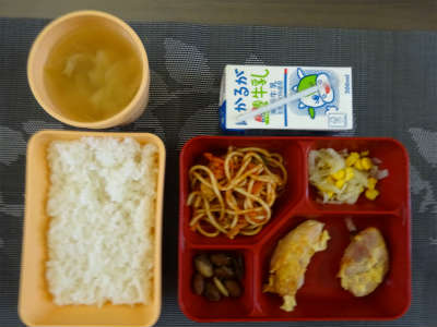 本日は、チキンピカタ、スパゲティナポリタン、ダイコンとコーンのサラダ、うづら豆のグラッセ、スープでした。チキンピカタはおいしいものでした。
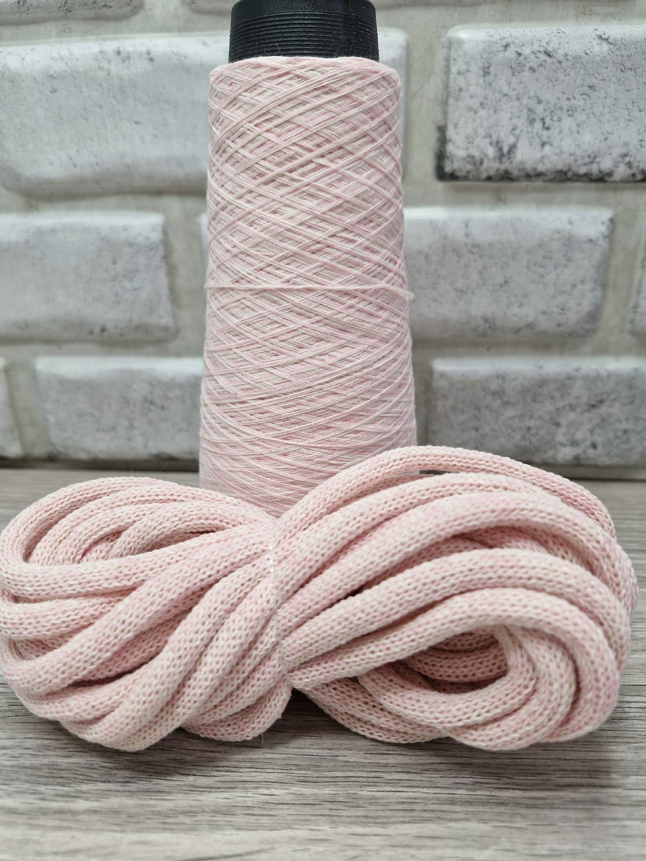 Шнур Хлопковый 7ММ с сердечником молоко+розовый 2-1
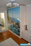 Вы оцените фотообои на стене одной спальни, на дверях шкафа-купе в другой и зеркальные двери во всю высоту второго шкафа-купе.
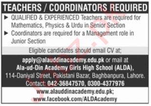 Ala Ud Din Academy Lahore, lahore Punjab Pakistan invites applications from eligible candidates for the post of maths teacher, teacher, physics teacher, urdu teacher and coordinator as per advertisement of July 31, 2022 published in daily Jang Newspaper. Persons with B.ed and Master etc. education can apply.

☆ ☆ ☆ ☆ ☆

Everything in the material must be duplicated exactly, except the pictures.

 本日は、チキンピカタ、スパゲティナポリタン、ダイコンとコーンのサラダ、うづら豆のグラッセ、スープでした。チキンピカタはおいしいものでした。
 Шнур Хлопковый 7ММ с сердечником молоко+розовый 2-1
 Вы оцените фотообои на стене одной спальни, на дверях шкафа-купе в другой и зеркальные двери во всю высоту второго шкафа-купе.
 Ala Ud Din Academy Lahore, lahore Punjab Pakistan invites applications from eligible candidates for the post of maths teacher, teacher, physics teacher, urdu teacher and coordinator as per advertisement of July 31, 2022 published in daily Jang Newspaper. Persons with B.ed and Master etc. education can apply.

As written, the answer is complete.